Given the optimism spurred by recent news of mainstream bitcoin adoption by companies like Dell, the launch of the first fully compliant U.S. bitcoin exchange, and the recent moves by investors like Barry Silbert to focus full-time in building a Wall Street-friendly bitcoin, it’s hardly surprising that many people expected bitcoin’s trading volume and price to rise. There is much to be excited and optimistic about, particularly from the perspective of a daily user or long-term investor. Bubbling underneath, however, is a simple fact of economics: Too much supply, not enough demand.

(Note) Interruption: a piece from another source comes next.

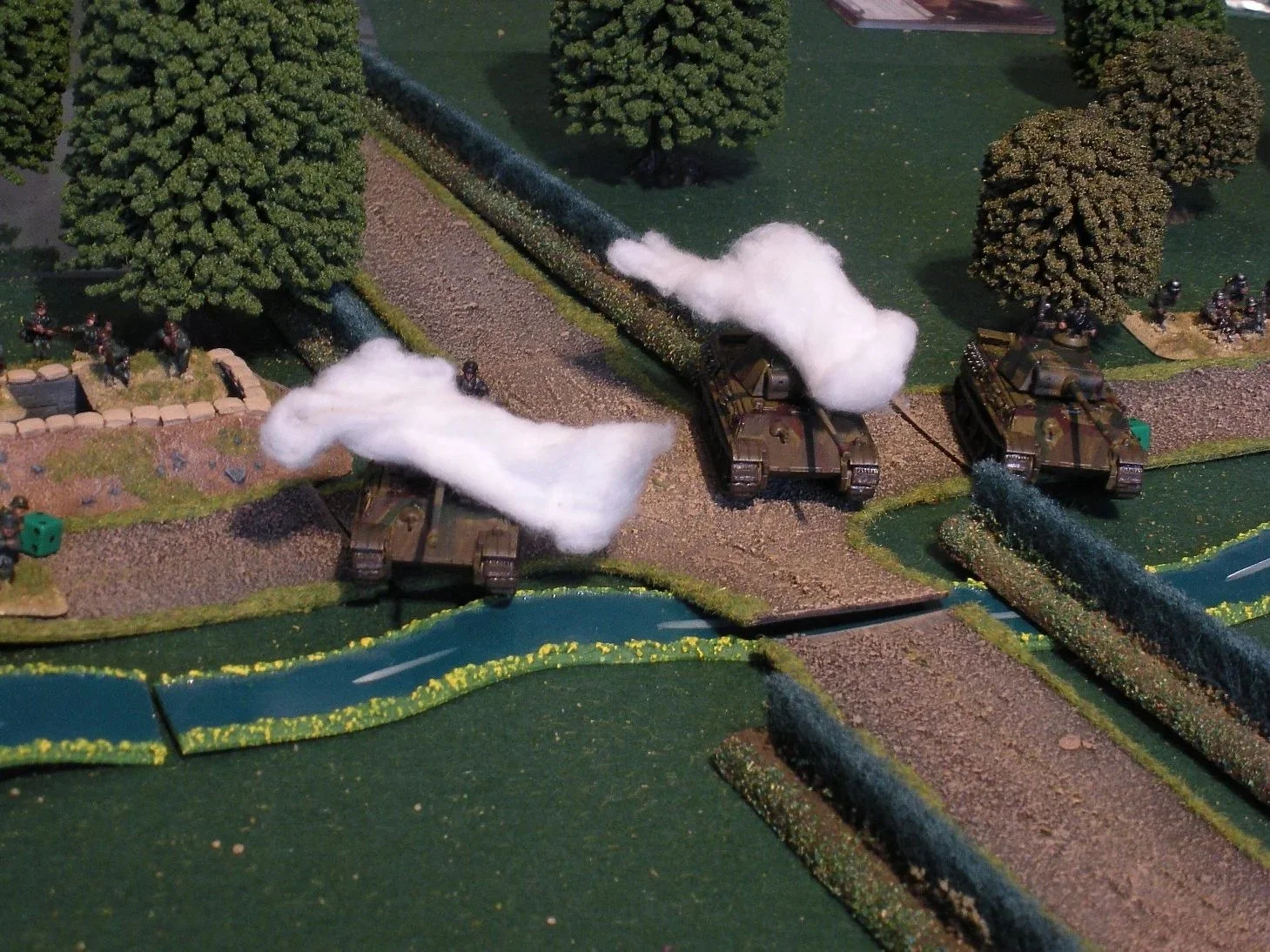 The obvious game changer was the two shots of the 76mm which destroyed the German defence in one go. One minute the Germans were in total charge and were about to move down the road to clear the infantry in there, the next the Americans had the run of the field.

It’s often noted that roughly 3,600 BTC are mined every day. At the recent price level of roughly $620, this means that the market must absorb nearly $2.2 million in new bitcoin purchases every day. That’s $66 million in bitcoin purchases needed every month just to keep the price stable. What’s more, when big retailers like Dell begin accepting bitcoin, they generally use a service like BitPay or Coinbase to instantly cash those purchases out. If there was considerable pent up demand as Expedia, Newegg, TigerDirect, Overstock, Dell and all of the now bitcoin-enabled Shopify clients began accepting bitcoin, this could equate to a massive amount of BTC that needs to be sold, driving up supply.
Many of those announcements are weeks old, however. So why is the price falling now?

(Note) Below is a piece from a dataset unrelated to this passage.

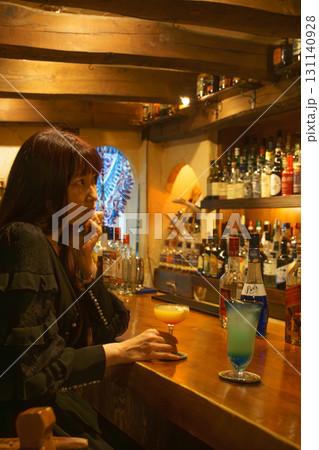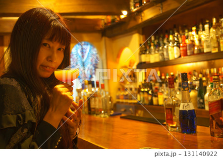 オーセンティックバーでお酒を味わうカップルのカクテル
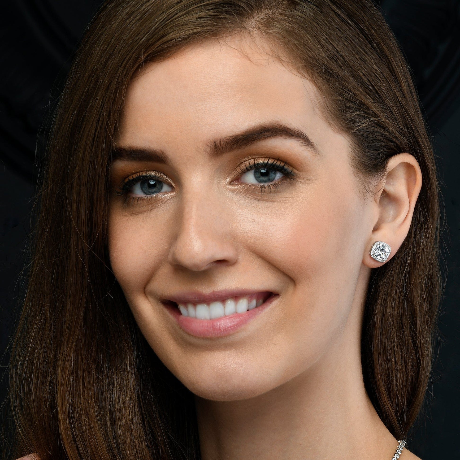 - 10 mm x 10 mm studs for women with 7 mm cushion-shaped stones encircled by a halo of smaller white stones

Although we may never know for sure, there is one theory that seemingly holds up to most tests: The end of the month. After weeks of relative stability, many miners and investors are now faced with the everyday reality that rent and utility bills will soon be due. Miners sell some of their BTC stock onto a market with tepid demand. Too much more hitting the market than the $2.2 million predicted by the price, and the exchanges are now flooded with too much bitcoin. Until the demand again outstrips the supply, the price will fall. If true, modest gains may be seen in coming weeks as the oversupply of BTC is slowly dissolved on the exchanges.